IV appeals. It argues that the Board erred in its claim construction of one claim limitation and that, under a proper construction, that claim limitation is not taught by the cited references. IV also argues that EMC, in its petitions, did not adequately set forth the basis for its challenge regarding another claim limitation. Finally, IV argues that the Board improperly relied on its own filling of gaps left by EMC’s evidence.
We conclude that the Board properly found the first claim limitation met for two reasons: for both IPRs, IV’s proposed claim construction is incorrect; for one IPR, even under IV’s construction, the cited reference discloses what the limitation requires. We also reject IV’s challenge to the sufficiency of EMC’s petitions regarding the second claim limitation at issue. And we determine that the Board did not rely on improper gap filling in its obviousness analysis. We therefore affirm the Board’s decisions.
The ’827 patent is titled “Software-Based Network Attached Storage Services Hosted on Massively Distributed Parallel Computing Networks.” A “network attached storage (NAS) device” is a device that is connected to a network to provide storage capacity to network-connected users. ’827 patent, col. 2, lines 18–20. Traditionally, the patent says, NAS devices were “stand-alone devices or systems that contain[ed] their own storage, processing, connectivity and management resources.” Id., col. 2, lines 12–14. A “dedicated NAS device” is one “whose primary operational purpose is for providing NAS service.” Id., col. 2, lines 34–35. The patent asserts that traditional dedicated NAS devices often had inferior hardware components compared to increasingly cheap and increasingly ubiquitous desktop computers, id., col. 2, lines 46–55, and that the invention takes advantage of the storage resources on those desktop computers, which often sat idle, id.
Because the patent contemplates provision of NAS services by devices (such as desktop computers) that are not dedicated to providing NAS functionality, the specification states that the term “NAS device,” as used in the patent, “broadly refers to a device that makes data storage resources available to network-connected user devices.” Id., col. 2, lines 31–35. It describes creating non-dedicated NAS devices through installation of a client agent program on a multiplicity of networked, distributed computers, many of which are used for non-NAS purposes.
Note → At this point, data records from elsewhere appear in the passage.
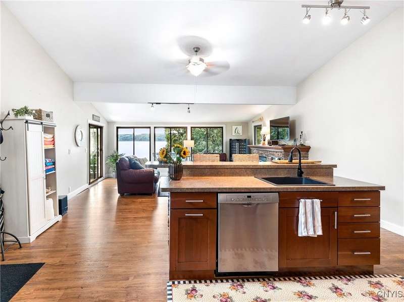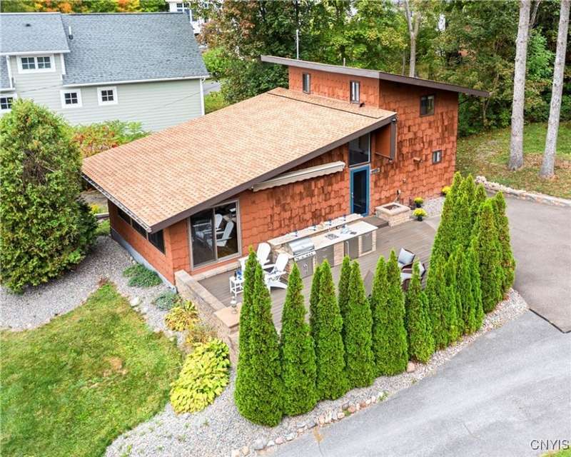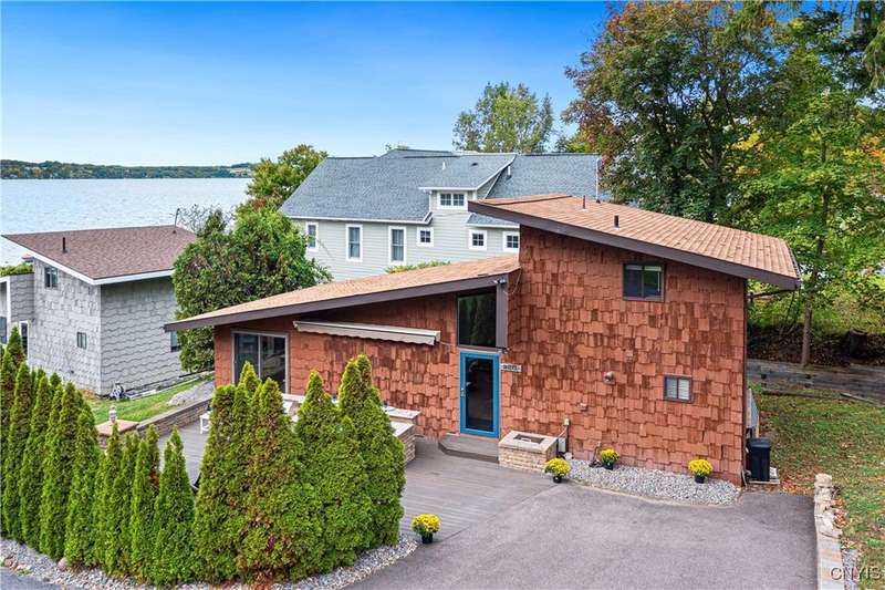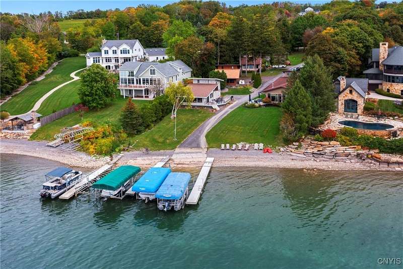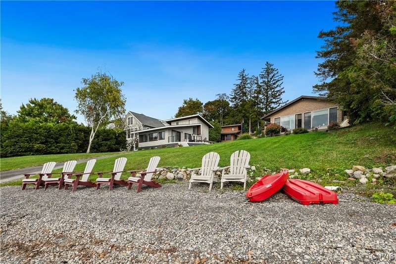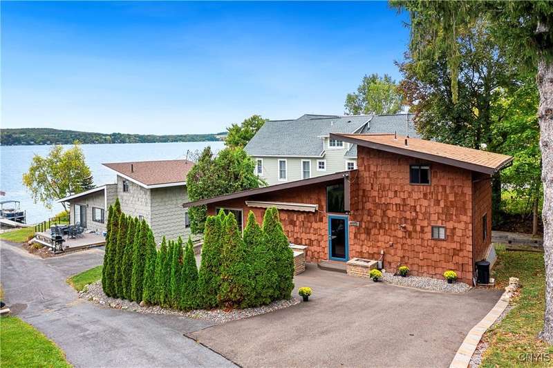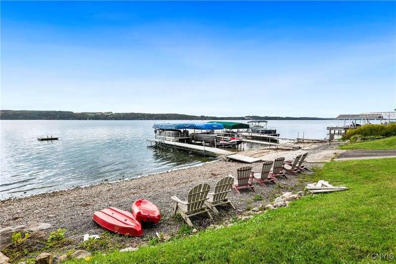 Welcome to Leopold Lodge, LLC ? Cottage "C" on Skaneateles Lake. Located just 4 miles from the picturesque village of Skaneateles, this beautifully updated retreat offers breathtaking lake views and spectacular sunsets. Cottage "C" offers parking at your door step and features 2 bedrooms and 2 full baths. The space has been thoughtfully designed for both comfort and style. The kitchen is a true highlight with Kraftmaid cherry cabinetry, granite countertops, a center island with seating, and stainless-steel appliances?all flowing seamlessly into the bright living area with panoramic lake views. On the main floor, you'll find a bedroom currently set up with two twin beds and a full bath with walk-in shower conveniently across the hall. A stacked washer/dryer and on-demand hot water add everyday ease. Upstairs, a spiral staircase leads to the spacious primary suite with private ensuite. Outdoor living takes center stage here with sweeping lake views from the private composite deck. The fully equipped outdoor kitchen, complete with granite countertops, propane grill, refrigerator, bar sink, abundant prep and dining space, and a power awning for shade, provide ample space for entertaining. Gather around the cozy fire pit or simply relax and take in the view. With a mini-split system and natural gas fireplace, you'll stay comfortable whatever the weather, while level access to the pebble beach and waterfront mere steps from your door make lake living effortless. Leopold Lodge encompasses 1.3 acres with 99 feet of pristine Skaneateles Lake frontage, shared by five cottages in this truly special community. Ownership includes 20 shares (one-fifth interest) along with exclusive use of Cottage "C." Owners enjoy benefits such as boat hoist rights, use of common areas, shared maintenance expenses, and low, low property taxes! Just pack your bags?Cottage "C" is move-in ready and waiting for you to enjoy the very best of Skaneateles Lake living.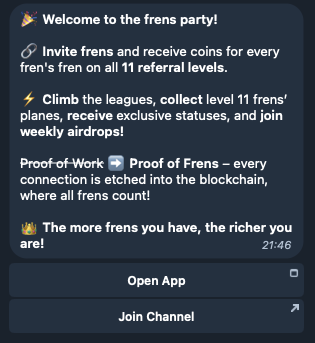 Frens Coin – аналог Dogs. Чтобы получать в приложении деньги, нужно активно привлекать в проект новых участников. За счет продуманной реферальной программы создатели приложения за 2 недели после запуска привели в игру более 3 миллионов пользователей.
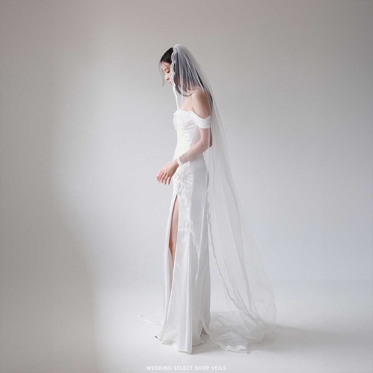 📚 Veils复古波浪蕾丝边长款单层拖地头纱新娘教堂婚礼高级手缝发饰

Id., col. 2, line 59, through col. 3, line 17. This program takes advantage of unused resources on the distributed computers and provides NAS services to connected user devices. Id., col. 3, lines 6–21.
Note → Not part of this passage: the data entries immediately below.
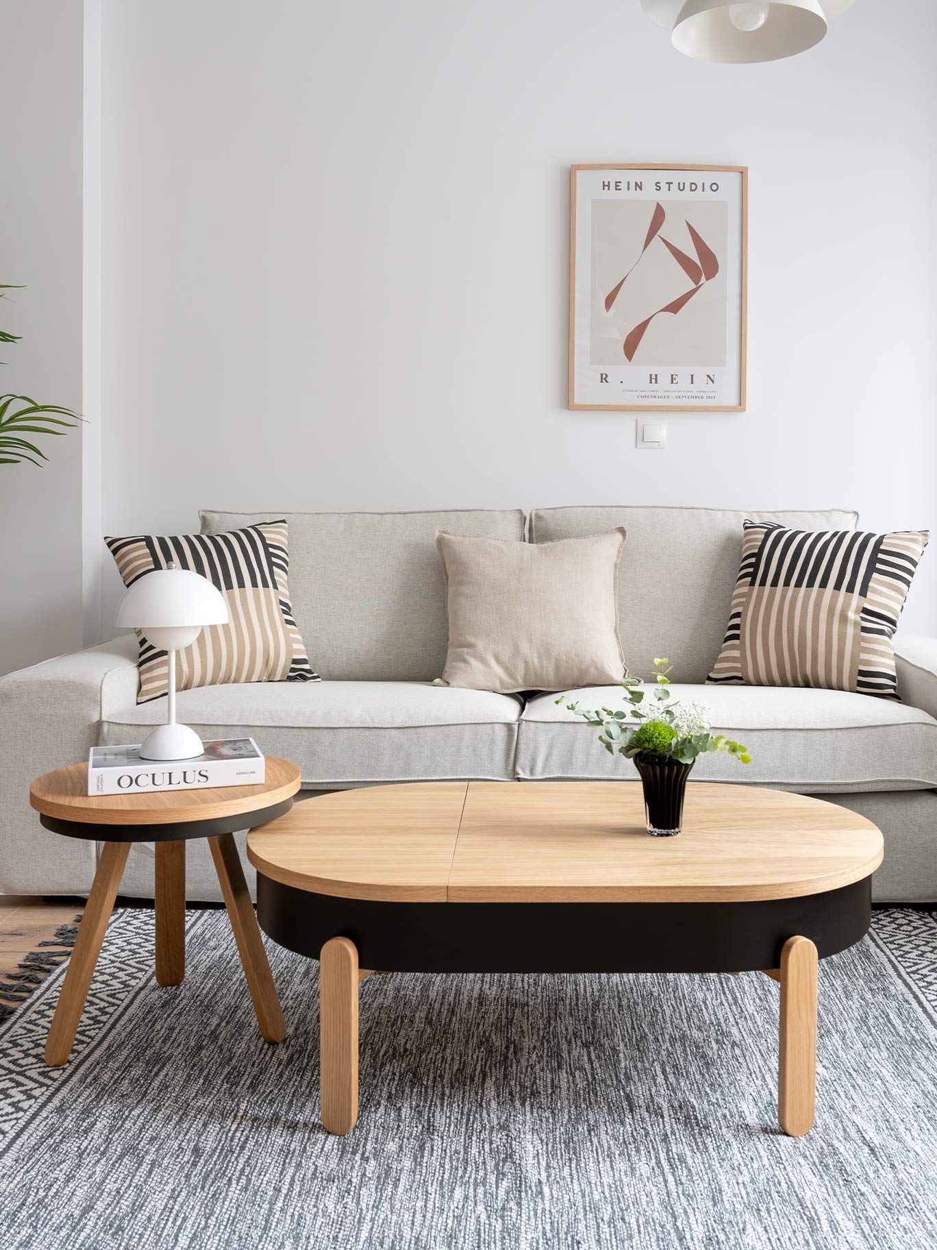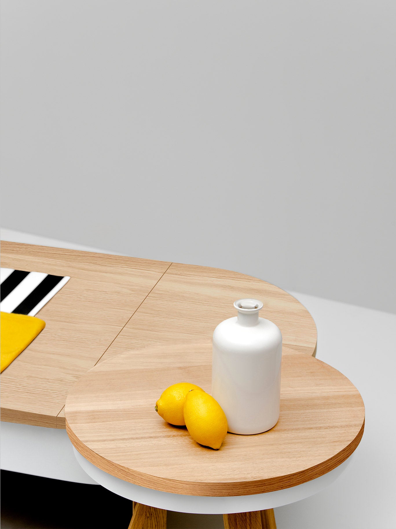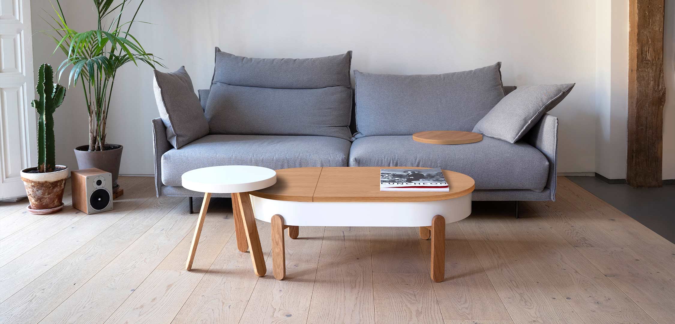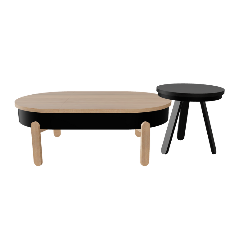 This coffee table and tray table set offers you a unique combination. Batea L, has a large storage space under its lid that works by sliding it easily with your finger. Batea S is a side table that has a removable tray that works separately and offers extra functionality for you to carry food or drinks in a simple way.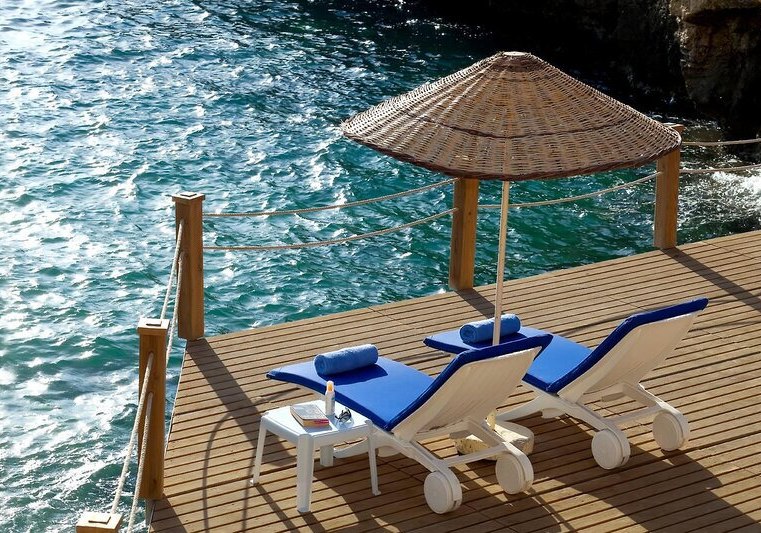 • Plattformen: Zwei Badeplateaus ergänzen den direkten Strandzugang.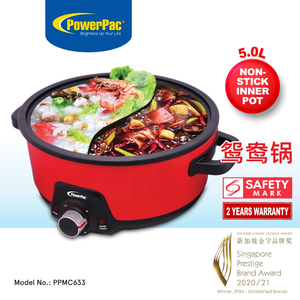 PowerPac Steamboat & multi cooker, Hot pot 5L with Yuanyang Pot (PPMC633)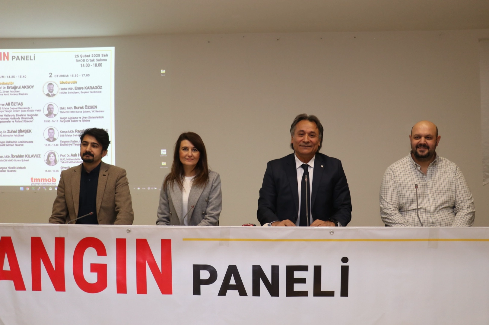 Bursa Akademik Odalar Birliği (BAOB) Ortak Salonu'nda düzenlenen 'Yangın Paneli' Bursa Büyükşehir Belediye Başkan Vekili Mustafa Orkun Gazioğlu, TMMOB Bursa İl Koordinasyon Kurulu Sekreteri Murat Korkut, Mimarlar Odası Bursa Şubesi Başkanı Şirin Rodoplu Şimşek, Bursa Büyükşehir Belediyesi İtfaiye Daire Başkanı Canalp Berkdemir, İtfaiye Daire Başkanlığı görevlileri ve çok sayıda akademik odanın yöneticisi ve üyelerinin katılımıyla yapıldı. Muhtarlar ve apartman site yöneticilerinin de katılım gösterdiği panelin açılışında konuşan TMMOB Bursa İl Koordinasyon Kurulu Sekreteri Murat Korkut, "34 gün önce yaşanan ve hepimizi derinden etkileyen Bolu Kartalkaya'daki yangın faciası, bu konuda bilinçlenmenin ve tedbirleri eksiksiz şekilde uygulamanın önemini bize bir kez daha gösterdi. Mühendislik ve mimarlık alanındaki bilgileri kamuoyuna sunmayı ve yangın güvenliği konusunda çözüm önerilerini paylaşmayı büyük bir fayda olarak görüyoruz. Bu panelin, yangın güvenliği kapsamında çözüm önerileri geliştirmek konusunda önemli adımlar sağlayacağını düşünüyorum" dedi.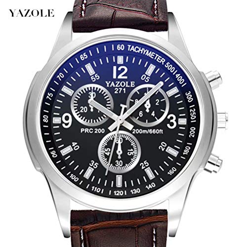 KIOP Men's Luxury Fashion Faux Leather Mens Blue Ray Glass Quartz Analog Watches

The patent states that “a large number of desktop” computers “can each act as a[n] NAS device by running a client agent program and NAS component that brings its resources to the network with the appearance of a dedicated NAS device or as part of an integrated system that appears as a single or dedicated NAS device.” Id., col. 42, lines 59–65. The patent goes on to describe at least three embodiments of the NAS system claimed in the ’827 patent: (1) a system in which the NAS devices function as “stand-alone” devices, each directly accessed by user devices; (2) an “NAS fabric” system in which some NAS devices maintain storage-location information about other NAS devices, with the information used to direct users to the particular devices storing requested data; and (3) a “server assisted” system in which a server receives storage and access requests from user devices and plays a role in directing user devices to the distributed device storing requested data. Id., col. 43, line 34 through col. 44, line 46; see also id., fig. 21.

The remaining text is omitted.